Question: Evaluate assuming the closed contour is traversed in the positive direction: $\int_C\frac{dz}{z^4+1}$ where $C$ is the circle $x^2+y^2=2x$
My Thoughts: Considering the circle $C:=x^2+y^2=2x$, we can complete the square to see that $C:=(x-1)^2+y^2=1$ is the circle centered at $(1,0)$ of radius $1$. Considering the integral, we see that $f(z)=\frac{1}{z^4+1}$ has $4$ poles of order $1$ located at $z=e^{i\frac{\pi k}{4}}$ where $k=1,3,5,7$. So, the only poles that will be inside our contour is when $k=1,7$ (right?)
So, to compute the integral, we just compute the residue of $f$ at $e^{i\frac{\pi}{4}}$ and $e^{i\frac{3\pi}{4}}$, add them together, and multiply that sum by $2\pi i$, right? I am just wanting to make sure I am understanding this process correctly. Moreover, we are traversing the contour in the positive direction… if we, instead, were to traverse the contour in the negative direction, we would have to multiply our answer by $-1$, right?

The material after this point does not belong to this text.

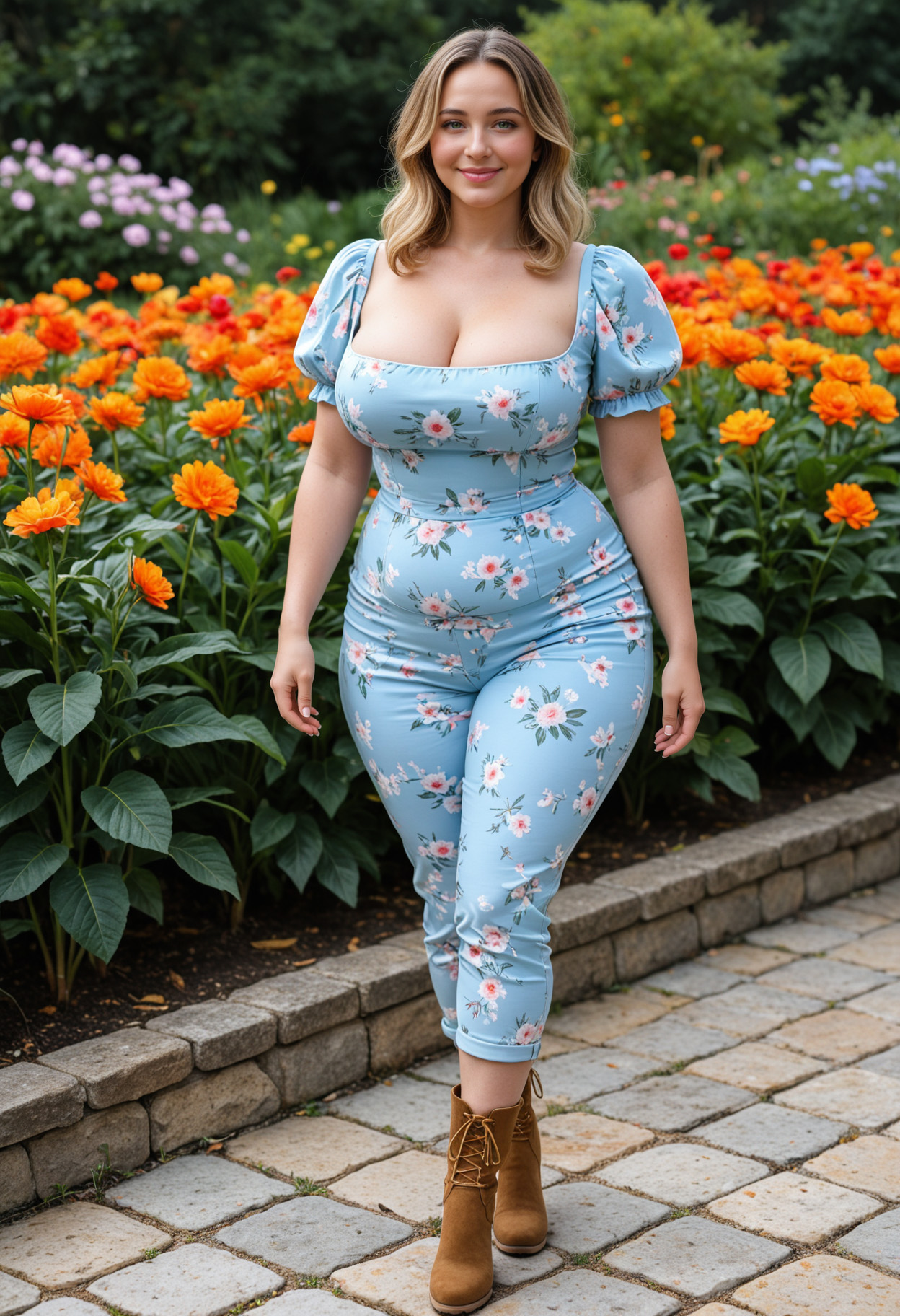 - blonde hair, blurry, blurry background, boots, breasts, brown footwear, brown hair, cleavage, curvy, dress, floral print, flower, full body, garden, huge breasts, large breasts, lips, long hair, looking at viewer, outdoors, puffy short sleeves, puffy sleeves, short sleeves, smile, solo, standing, walking

One last note, I didn't post my final solution, because I haven't finished computing it yet, but computing those residues doesn't look too ugly (and, since they have order $1$, we can even use the "shortcut" instead of the statement of "residue of order $n$").
Best Answer
Assuming I didn't make some algebra mistake, here is my solution: As mentioned above, $C$ is the circle centered at $(1,0)$ of radius $1$, so we only need to compute the residues of $f:=\frac{1}{z^4+1}$ when $z=e^{i\frac{\pi}{4}}$ and $z=e^{i\frac{7\pi}{4}}$. Let $I$ be the value of the integral. Then (since the poles of are order $1$), $$ I = 2\pi i(\frac{1}{4z_1^3}+\frac{1}{4z_7^3}) \\ =2\pi i(\frac{1}{4e^{i3\pi/4}}+\frac{1}{4e^{i5\pi/4}}) \\ =\frac{\pi i}{-\sqrt{2}+i\sqrt{2}}+\frac{\pi i}{-\sqrt{2}-i\sqrt{2}} \\ =-\frac{\sqrt{2}\pi i}{2} $$